By Robert Hazen, George Mason University
Of all the scientific discoveries of the 20th century, none has had a more profound impact on our understanding of the physical universe, and our place in it, than the deciphering of the genetic code, our understanding of how DNA and RNA make proteins. We now understand that all living things pass information from one generation to the next with DNA.
The Genetic Code
DNA is the molecule that contains the genetic code, and all living things use RNA to manufacture the proteins of life. As molecular biologists grow ever more fluent in genetic language, they have learned to edit the genetic code, thus altering life itself.
Genetic engineering—which involves the alteration of a genome: to add, or to subtract, or to alter genes in other ways—exemplifies the promise and the peril of genetic technologies.
Chromosomes and Genes
The behaviors of chromosomes transform the idea of genes from an abstraction to real physical structures inside the cells.
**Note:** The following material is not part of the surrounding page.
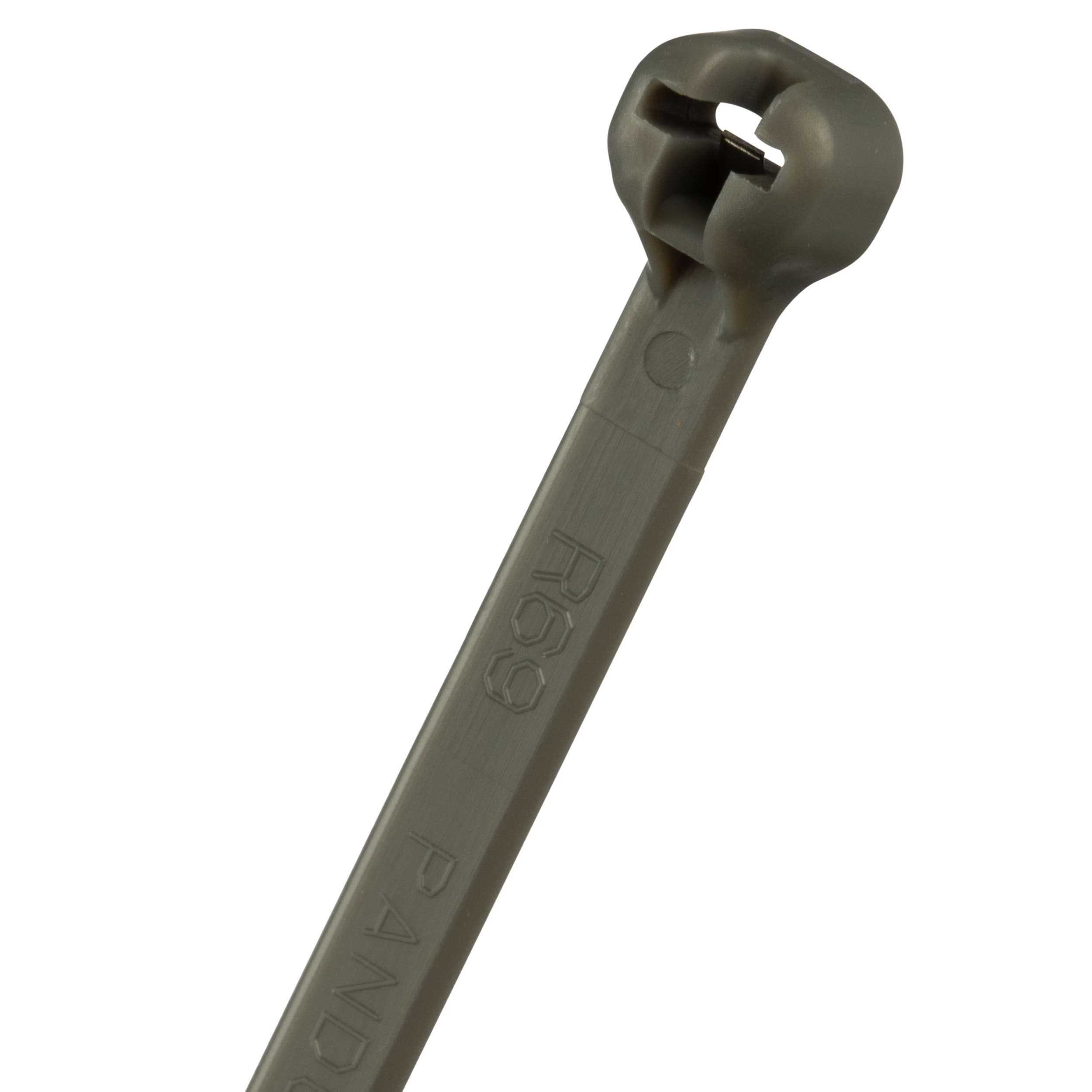 Cable Tie, Metal Barb, 8 Inches (203 mm) Length, Standard, Nylon 6.6, Gray. For indoor use. Dome-top head features unique patented design with round, smooth edges. Stainless steel locking barb provides consistent performance, reliability and infinite adjustability through entire bundle range. High strength and low thread force. Curved tip is easy to pick up from flat surfaces and allows faster initial threading.

We can stain chromosomes, count them, watch them divide during the processes of mitosis and meiosis, separate them using a centrifuge, and study what those chemicals are made of. We can crystallize them and can actually study their composition in their crystal structure—that structure is the double-helix structure of DNA.
Each chromosome, we now know, carries thousands of genes, thousands of individual sets of instructions. Each of those instruction codes for one protein, so the genetic code is really nothing more than a chemical procedure for controlling the productions of proteins in every living thing.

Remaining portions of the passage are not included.